The famous part of June 13, 1805 — Lewis ahead of the main party, seeing the Great Falls of the Missouri for the first time, reaching for “the pencil of Salvator Rosa or the pen of Thompson” — is the version that has entered American folklore. The cross-narrator reading shows the rest of the day: a working journal, written by men who had no idea what their captain had just seen.
The boat-party day
Ordway, Gass, and Whitehouse all wrote nearly identical accounts of June 13 from the perspective of the canoes still hauling upstream. They name a new tributary on the south bank “Snowey River” (Ordway and Whitehouse) or “Snow creek” (Gass) — modern Shonkin Creek — describe the cottonwood bottoms, and note 14 miles made for the day. Whitehouse adds a detail the others omit: he was not feeling well. “I was taken verry Sick to day, & a violent head ack.” A small line in a 100-word entry, easily missed.
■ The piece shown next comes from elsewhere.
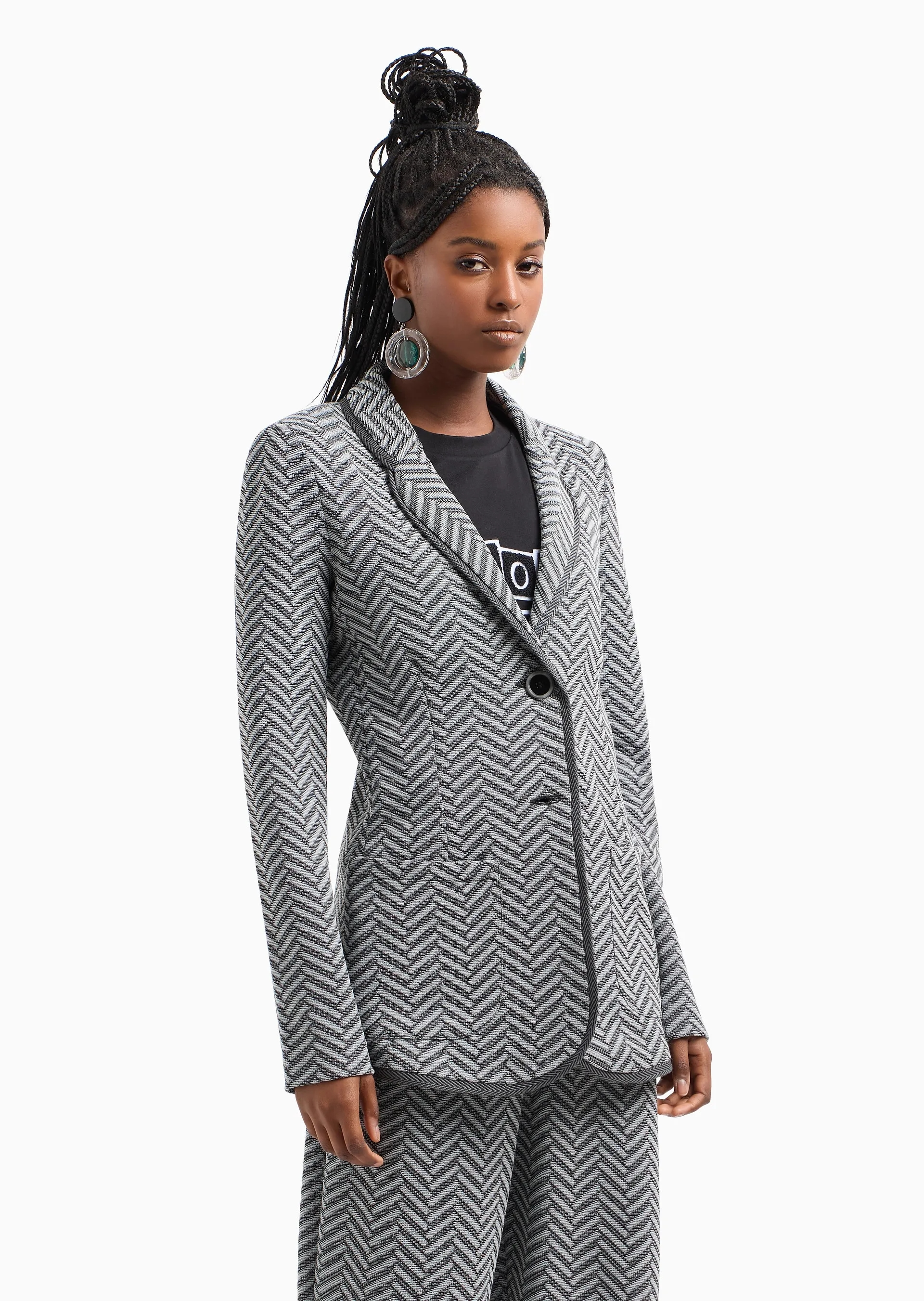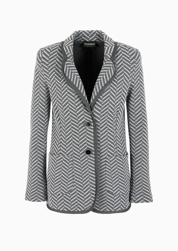 Single-breasted blazer in jacquard jersey with a chevron motif

None of the three sergeants mentions the falls. None of them knew. Lewis, with four men, was 18 miles ahead.
The Whitehouse–Ordway problem on this date
Reading their two June 13 entries side by side reveals an instance of the well-documented Whitehouse-from-Ordway copying pattern (Moulton, vol. 11). Both name the new river, both note 14 miles, both list goose berries and yellow currants, both end with the camp on the south side. But Whitehouse uniquely adds the personal note about his headache and a sensory detail: “I went over the River to See it.” Whitehouse, even when copying, was sometimes a witness in his own right.
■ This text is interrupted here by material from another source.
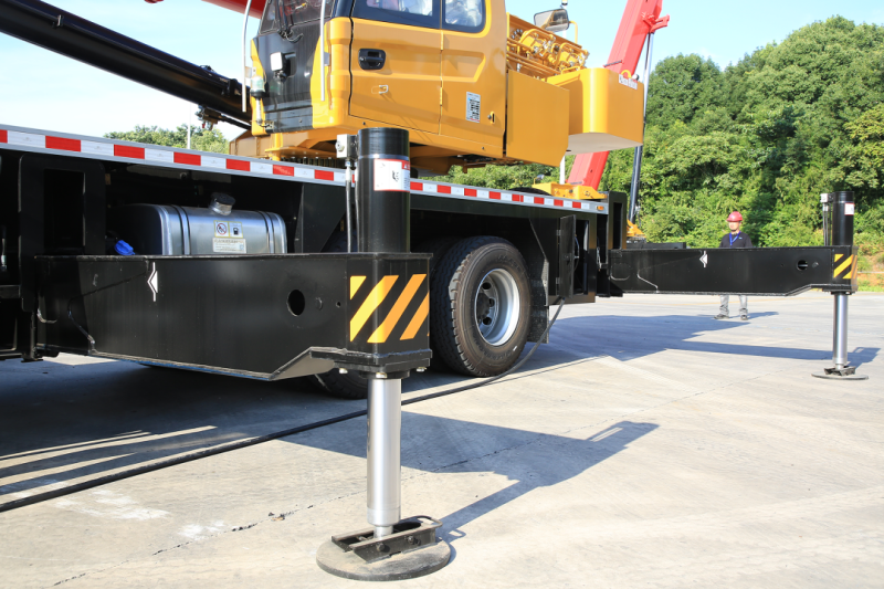 在对三一STC250E5-1混动版汽车起重机的测试现场了解到,依据作业工况电能消耗量的计算参照(GB/T39416-2020)规定,能效部分当中支腿伸缩测试分别需要在高速和低速两种工况下进行,其中高速占70%,低速占30%,支腿伸缩工况在整个测试权重中仅占1%且要经过数次循环测试求取平均数,尽管占比非常小,但评测小组为保证数据准确可靠,仍然在闷热的天气环境下有序推进各项评测。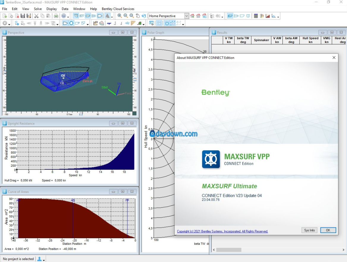《Maxsurf CONNECT Edition 23破解版》是一款相当优秀功能强大的船体模型分析设计软件,这款软件当中有非常多强大而实用的功能和模块,用户们可以随意使用,可以轻松运用这些工具运用与船体建模,相当优秀,最高可达到20多个曲面,并且对于那些客船和大型船舶来说该软件中的Stability模块能够为用户们提供非常简单易用的图形工具,十分的方面,不管是继承的船舱舱室还是编辑器等众多工具功能都是围绕着用户的使用体验来进行设计的,方便用户们能够自定义管理数以千计的破损工况,极大程度上的方面的用户进行工作。

What this day’s split tells us
By June 13, the captains had begun the practice of dividing the party for scouting — Lewis with a small advance group, Clark with the boats. This pattern, established on the Missouri, prefigures the more dramatic split at Lemhi Pass two months later (see August 13, 1805). On June 13 it was logistical: the captains needed someone ahead to find the right channel. The cross-narrator record shows that the famous moment of discovery and the slower work of moving the expedition forward are always two halves of the same day.
One detail is worth flagging for editor review: our database does not currently contain Lewis’s entry for June 13, 1805 — only a curated editorial summary. The famous “Salvator Rosa” passage is widely quoted from Moulton’s edition, which is copyrighted; future re-import from a higher-coverage public-domain source could complete this date.